Geminin, Lavrion Limanı’nda 3 bin 200 euro, Çeşme Limanı’nda ise 12 bin 400 euro ödediğini, böylesi yüksek liman masraflarının, Türk denizciliğinin gelişmesi bakımından son derece düşündürücü olduğunu kaydeden İpek, şunları söyledi:
“Lojistik firmalarının Ulusoy Denizcilik şirketine yönelik çekincelerini gidermek ve yüksek olan Çeşme Limanı masraflarından kurtularak, sefer maliyetimizi düşürmek için devlete ilişkin olan Alsancak Limanı’ndan operasyonumuzu yapmak istedik. UKOME kararı ile Ro Ro gemilerinin Alsancak Limanı’na yanaşma yasağı olduğunu öğrendik. Fakat bizim gemimizin bir kargo gemisi olan Ro- Ro sınıfında olmadığını ve yolcu gemisi sertifikasyonuna sahip olduğunu ilgili kurumlara anlattığımızda, şirketimiz ismine tahsis edilen UKOME kararını aldık. Lakin buna karşın Ulaştırma Bakanlığı tarafından kararın onaylanmadığı münasebet gösterilerek, Alsancak Limanı’nı kullanmamıza müsaade edilmedi.”
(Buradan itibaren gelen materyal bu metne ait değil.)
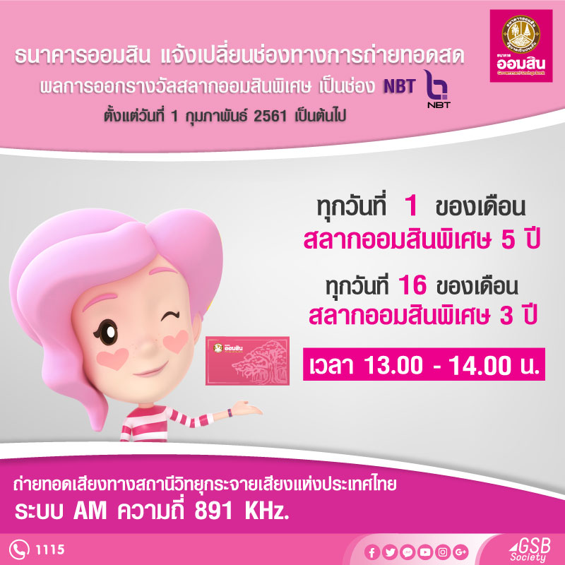 ธนาคารออมสิน แจ้งเปลี่ยนช่องทางการถ่ายทอดสดผลการออกรางวัลสลากออมสินพิเศษ - ธนาคารออมสิน

“SEFERLERİ BÜSBÜTÜN DURDURDUK”
TIR üzere büyük araçların, feribot işletmelerinin can simidi olduğunu bu nedenle İzmir’de filo bakımından en büyük 6 lojistik firmasına şirketin yüzde 50 payını bedelsiz olarak sunduklarını ve güçbirliği oluşturulması teklifinde bulunduklarını anlatan İpek, bu teklifin ticari tasalar nedeniyle sonuçsuz kaldığını kaydetti. İpek, “Başta Yunanistan olmak üzere, Avrupa’ya Ege Bölgesi’nden yapılan en kıymetli ihracat kalemi balık olduğu için ve bu taşımalar termokingli TIR’lar ile yapıldığı için sınırımıza çok ağır talep oldu. Fakat Lavrion Liman yönetimi, bu eserlerin denetimi için gerekli veterinerin sağlanmasını, Avrupa Birliği Brüksel’den atama beklediği münasebeti ile yapamamıştır. Bu da bizim yaklaşık olarak haftalık 100 tırlık talebi karşılıksız bırakmamıza sebep oldu. Ege Deniz Yolları olarak, büyük emek ve beklentiler ile açtığımız bu çizginin kapanmaması için inanılmaz bir çaba gösterdik. Bu kapsamda, sefer maliyeti ve kapasitesi çok daha küçük (100 yolcu ve 20 TIR) bir gemiyi devreye sokmak için sefer programını 7 Ağustos tarihine kadar erteleyerek, İstanbul Sea Lines’e ilişkin Türk bayraklı ‘Birdeniz’ adlı gemiyi kiralama teşebbüsünde bulunduk. Her ne kadar bu gemi, Marmara Denizi’nde kabotaj kapsamında araç ve yolcu taşıması yapabiliyorken, memleketler arası sularda yolcu sertifikasyonu gereği bu teşebbüs de maalesef sonuçsuz kalmıştır. 2 Ağustos Cuma günü akşamına kadar, diğer bir gemi alternatifinin de oluşmaması ve 20 gün üzere kısa bir müddette yaklaşık olarak 500 bin euro’ya yakın ziyan edilmiş olması sebebiyle, seferleri büsbütün durdurduk. Tasfiye sürecini başlattık” dedi.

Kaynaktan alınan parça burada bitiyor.